**Your instructions**
Lower down are entries containing pictures. Copy exactly, without those pictures, the lines from the line with "Effy Collection Freshwater" through the line with "Stůl Double je".

**Data in this exercise**
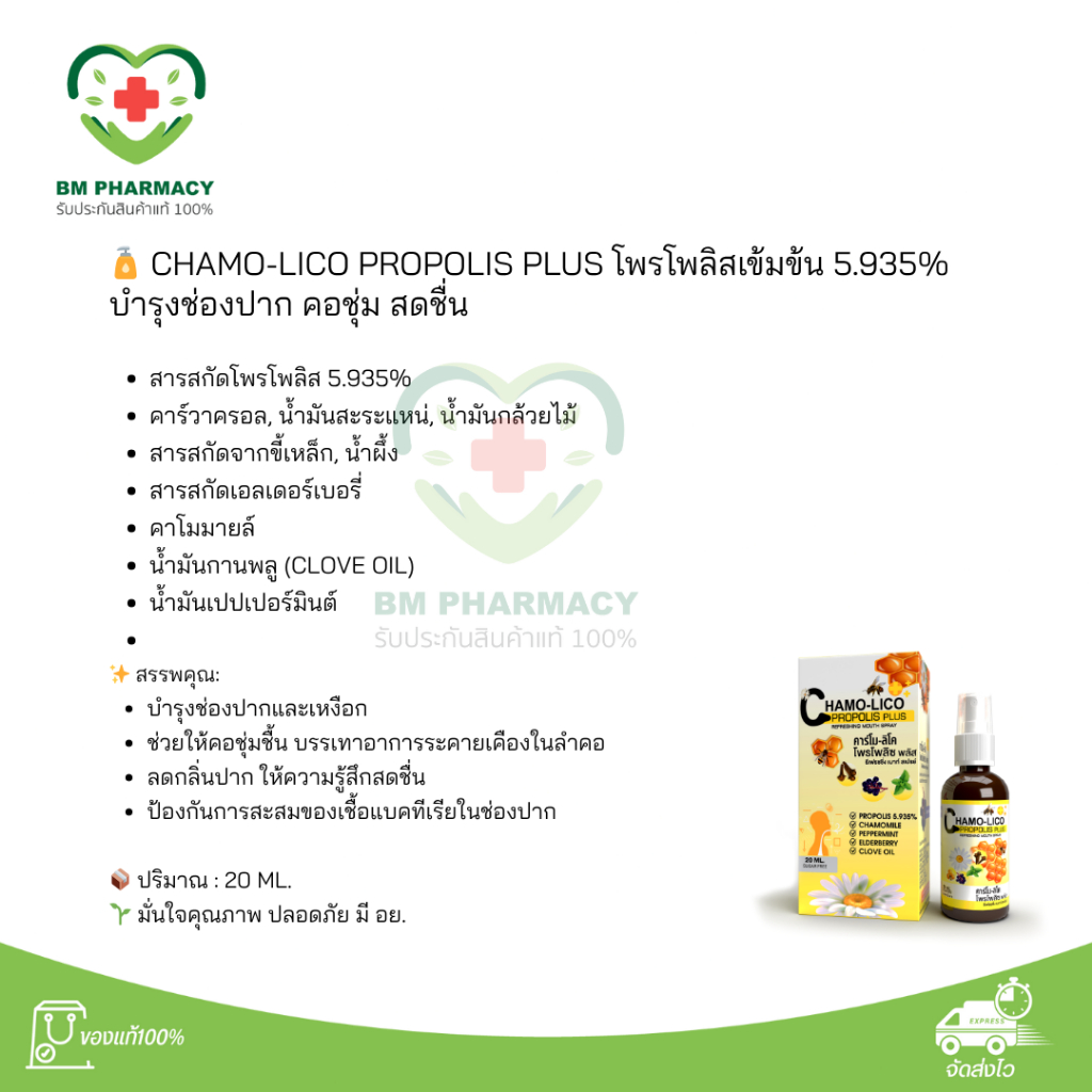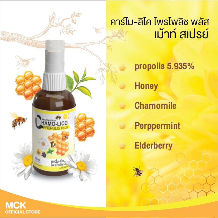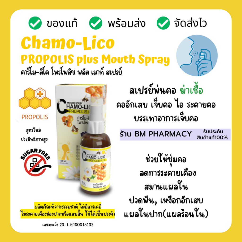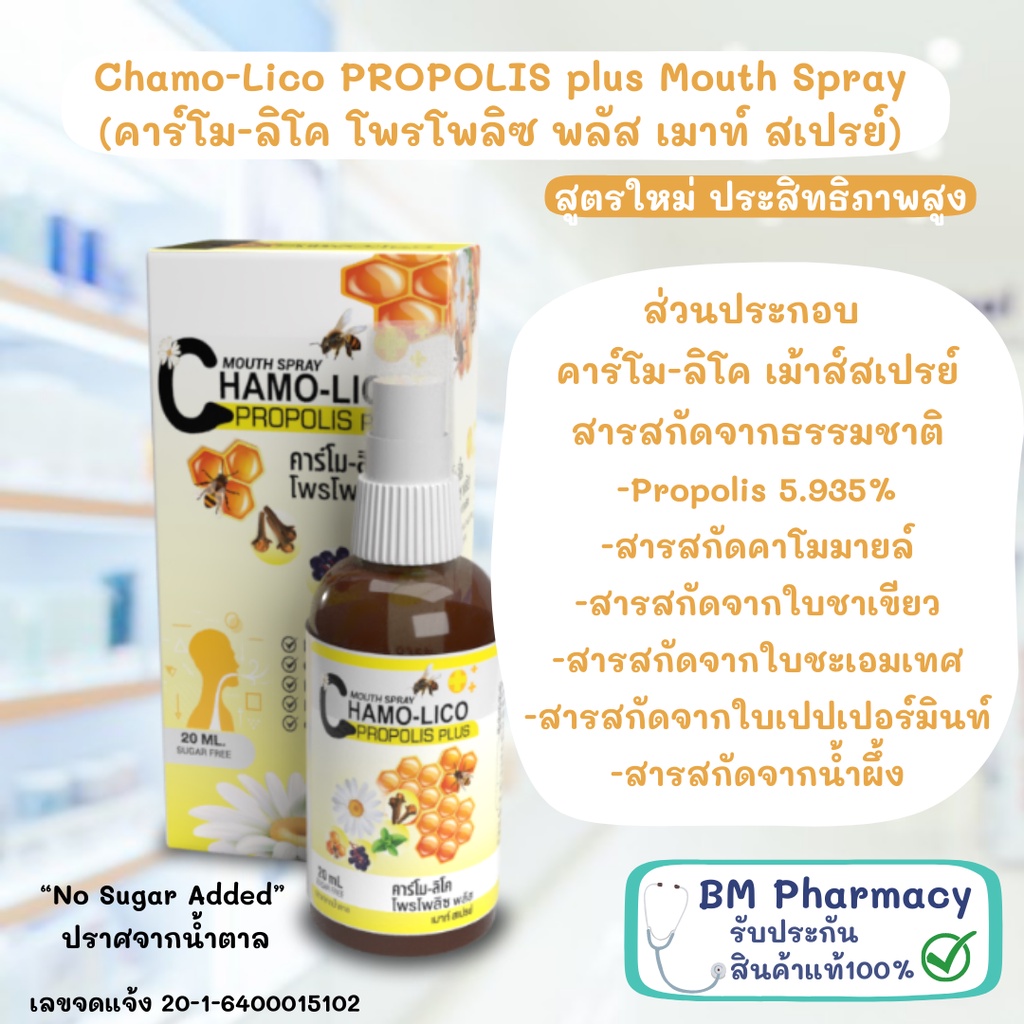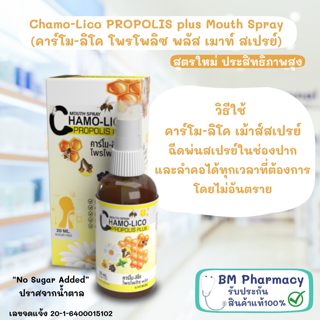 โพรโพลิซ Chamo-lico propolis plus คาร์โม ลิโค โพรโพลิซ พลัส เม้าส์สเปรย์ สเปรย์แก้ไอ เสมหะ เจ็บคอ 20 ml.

---

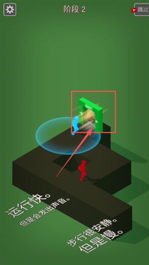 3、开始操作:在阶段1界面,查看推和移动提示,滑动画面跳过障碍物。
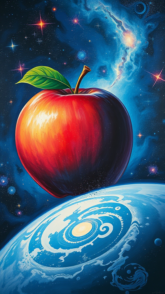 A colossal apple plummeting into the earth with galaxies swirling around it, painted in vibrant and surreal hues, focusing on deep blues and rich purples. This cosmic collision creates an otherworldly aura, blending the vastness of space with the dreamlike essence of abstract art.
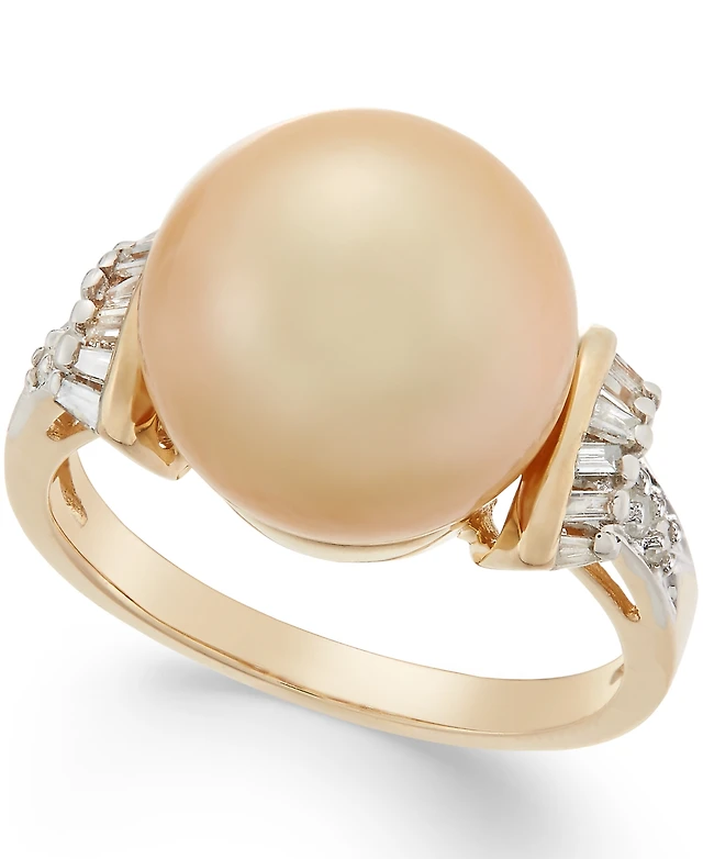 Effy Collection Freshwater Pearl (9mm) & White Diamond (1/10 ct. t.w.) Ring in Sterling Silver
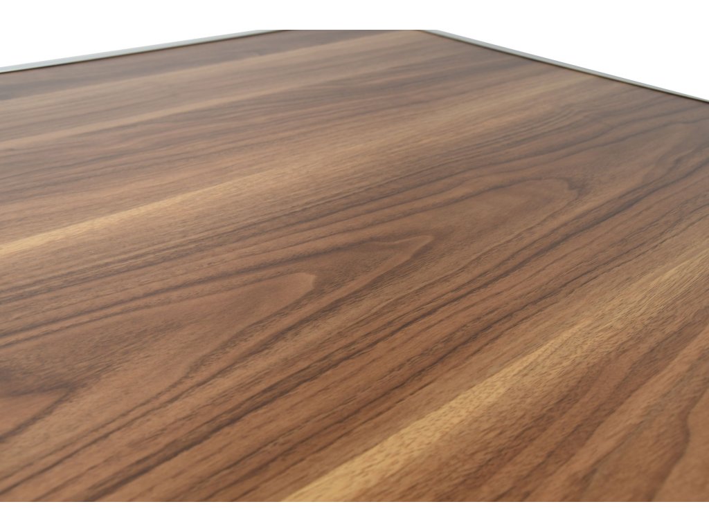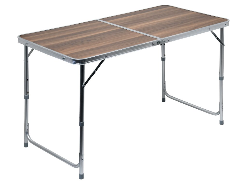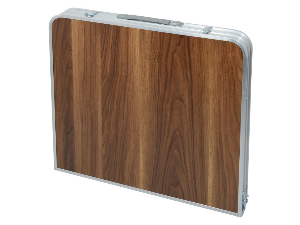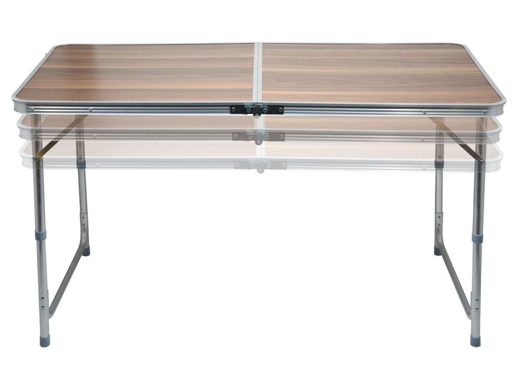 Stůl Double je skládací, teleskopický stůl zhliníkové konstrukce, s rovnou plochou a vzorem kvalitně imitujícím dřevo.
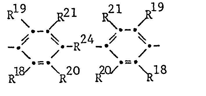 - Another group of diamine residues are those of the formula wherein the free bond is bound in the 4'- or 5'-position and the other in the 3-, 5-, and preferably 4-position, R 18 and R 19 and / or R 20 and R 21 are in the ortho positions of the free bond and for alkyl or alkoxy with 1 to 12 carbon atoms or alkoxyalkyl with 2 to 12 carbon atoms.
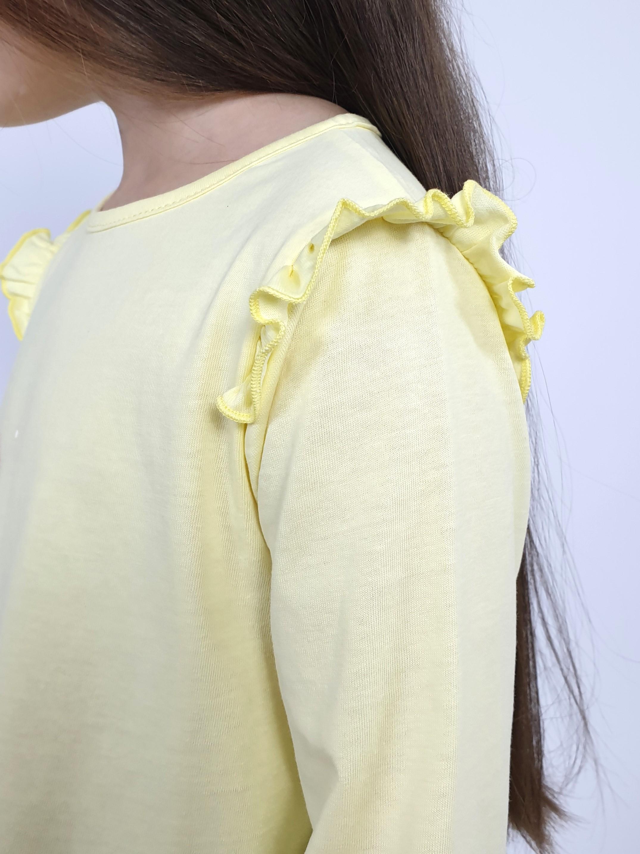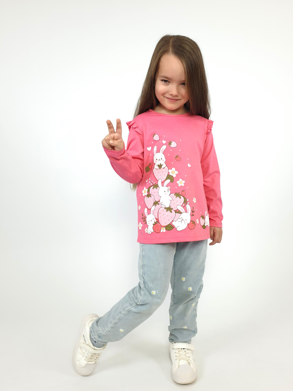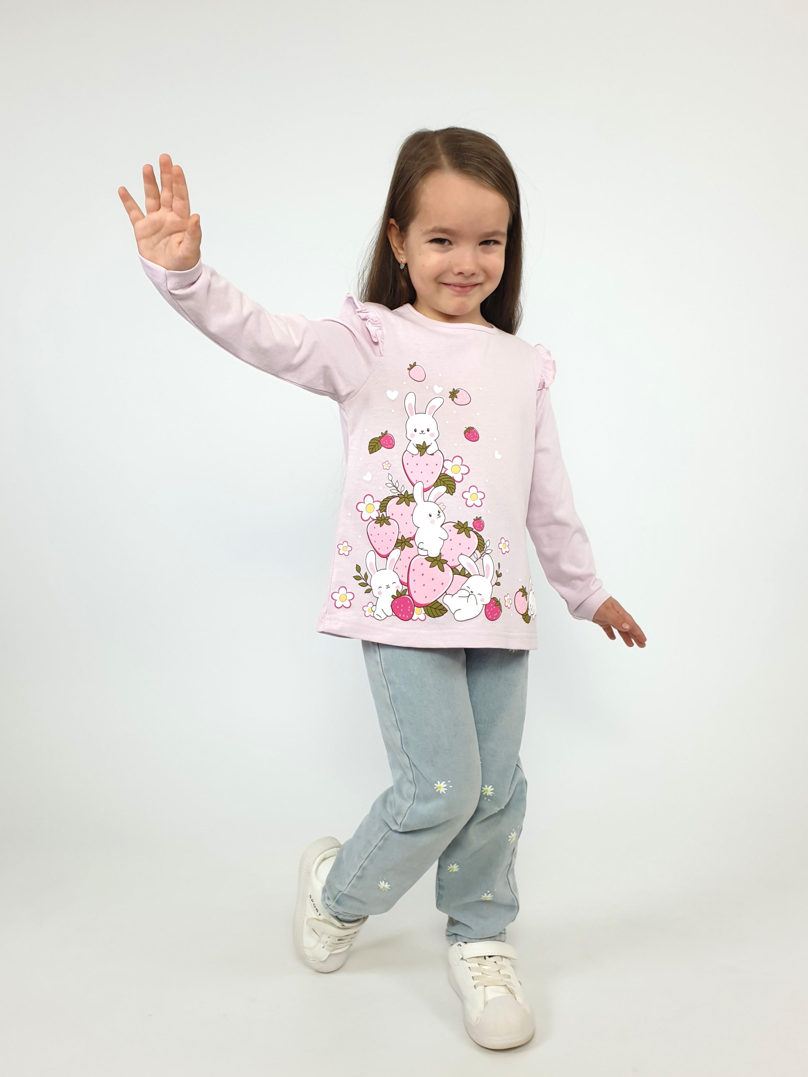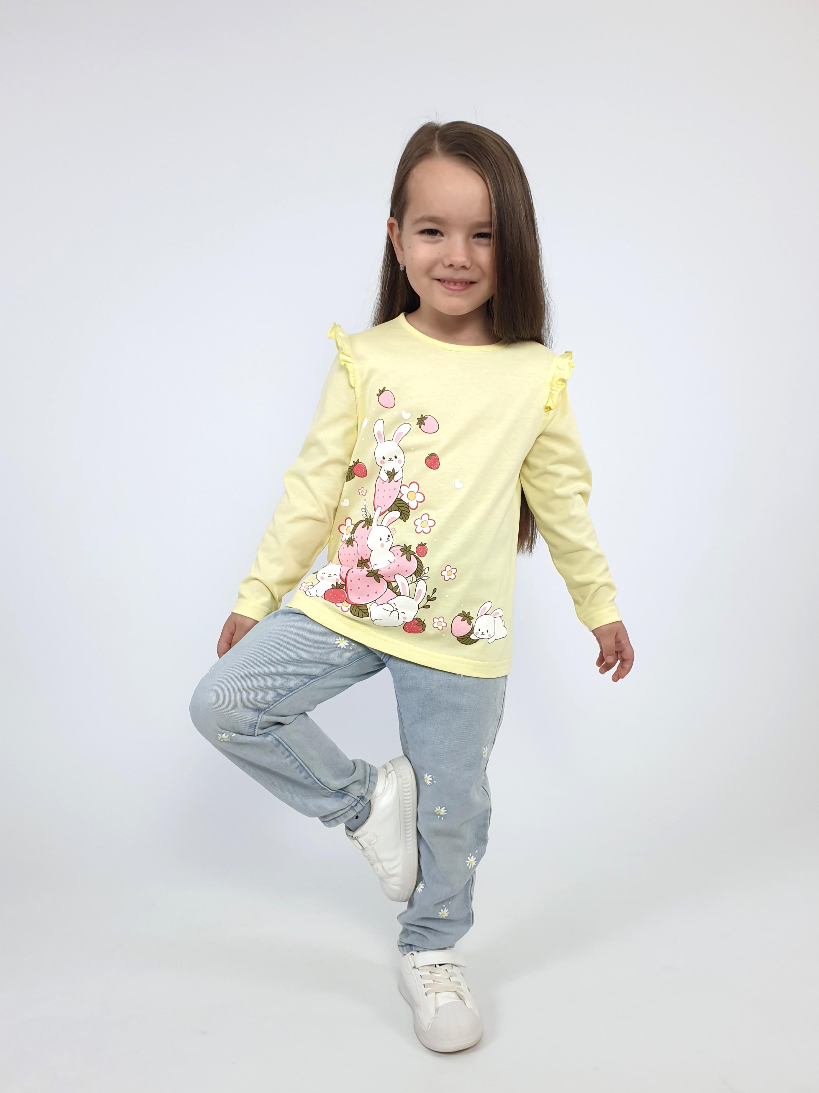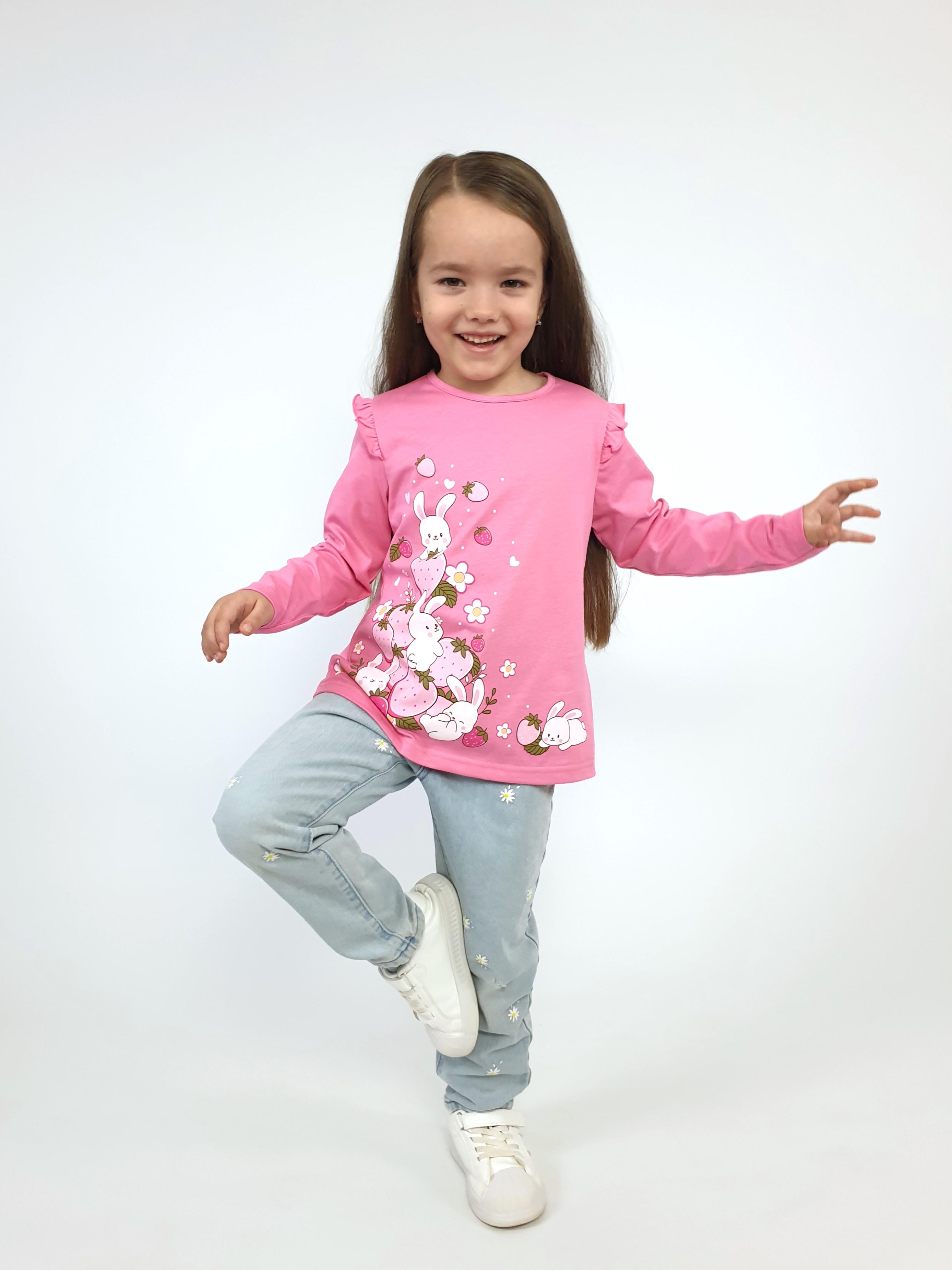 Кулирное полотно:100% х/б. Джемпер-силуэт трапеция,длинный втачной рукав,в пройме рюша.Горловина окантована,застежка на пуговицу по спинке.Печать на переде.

--

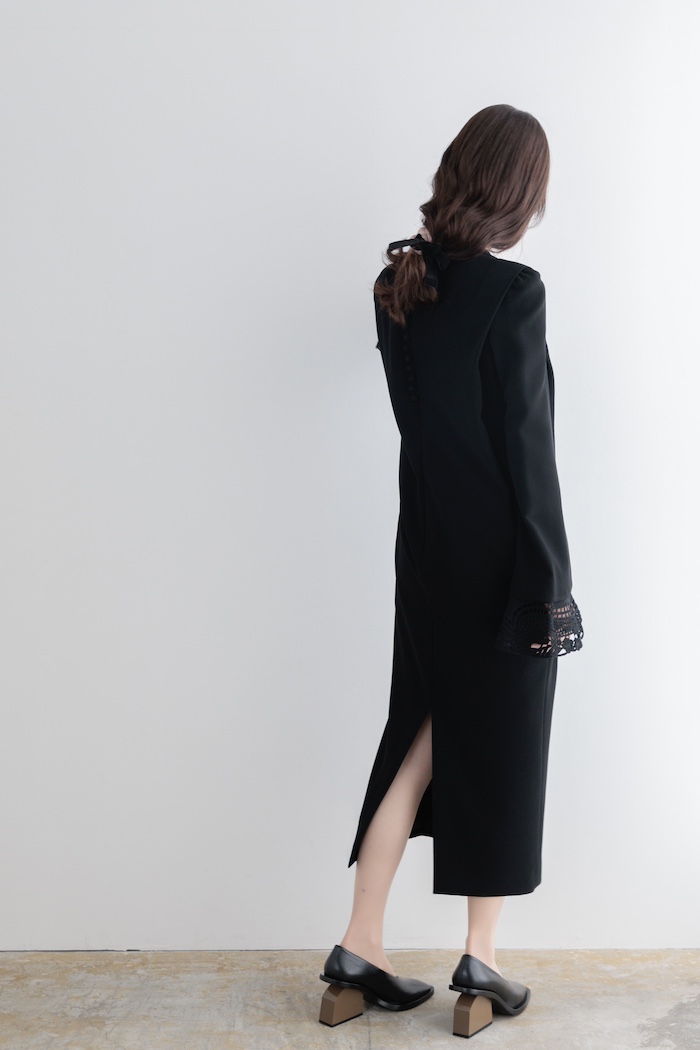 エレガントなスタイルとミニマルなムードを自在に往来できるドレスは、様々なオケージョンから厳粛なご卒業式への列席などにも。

**Answer box**
 Effy Collection Freshwater Pearl (9mm) & White Diamond (1/10 ct. t.w.) Ring in Sterling Silver
 Stůl Double je skládací, teleskopický stůl zhliníkové konstrukce, s rovnou plochou a vzorem kvalitně imitujícím dřevo.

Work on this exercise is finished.